Bicycle and motorbike between graphics and design

31.03.2025—20.07.2025
The exhibition is part of the multi-year in-depth study that the m.a.x. museum has cyclically dedicated to means of transport, which began with the automobile (remember the exhibition Auto che passione, in 2018) and then the means of locomotion of the railways (with the exhibition Treni fra arte, grafica e design, in 2021).
The beginning of the 20th century brought with it a whole series of discoveries and changes that still affect our way of life today. The industrial revolution, firstly, and then the advent of new technologies created the premises for a world dominated by movement and speed.
Through the exhibition of graphic materials and models that have made the history of the two-wheelers, the exhibition explores the meanings of bicycle and motorcycle with their historical, aesthetic, symbolic and sociological implications. More than a hundred works of graphic design are on display in the exhibition and published in the catalogue. Among these, the wonderful chromolithographic posters designed by the masters of graphics, from Leopoldo Metlicovitz to Marcello Dudovich, Aleardo Villa, Plinio Codognato, Achille Luciano Mauzan, Gino Boccasile, Erberto Carboni and Armando Testa. Then follow placards, advertising graphics, sketches, postcards, vintage photographs, brochures and various designer objects related to bicycles and motorcycles.
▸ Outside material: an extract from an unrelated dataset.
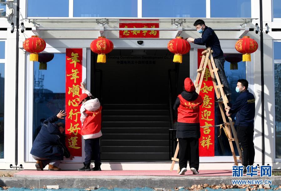 2月6日,在河北省石家庄市桥西区一处工地项目部,志愿者与工人们一起挂灯笼。新华社记者 王晓 摄

Alongside the original models of vintage bicycles and motorcycles. Some twenty in all (from the beginnings with the velocipede, then the bicycle and the transition from the moto-cycle to the motorcycle), they are examples of the brands that have played the largest part in the evolution of two-wheelers, including rare specimens produced in Switzerland, in particular in the Canton of Ticino and Chiasso.
A singular study in depth is devoted to contemporary designers: Costantino Sana for the bicycle and Rodolfo Frascoli for the motorcycle. The latter emerges from the museum with the “forest of posters”.
The exhibition boasts the moral patronage of the Consulate of Italy in Lugano and loans from: the Museo Nazionale Collezione Salce in Treviso, the Museo del Falegname “Tino Sana” in Almenno San Bartolomeo, the Museo Privato – Collezioni Alfredo e Carlo Azzini in Soresina, the Museo Piaggio in Pontedera, and important loans from some valuable collections, many of which are in Ticino.
Exhibition curated by Stefano Pivato, Giorgio Sarti and Nicoletta Ossanna Cavadini.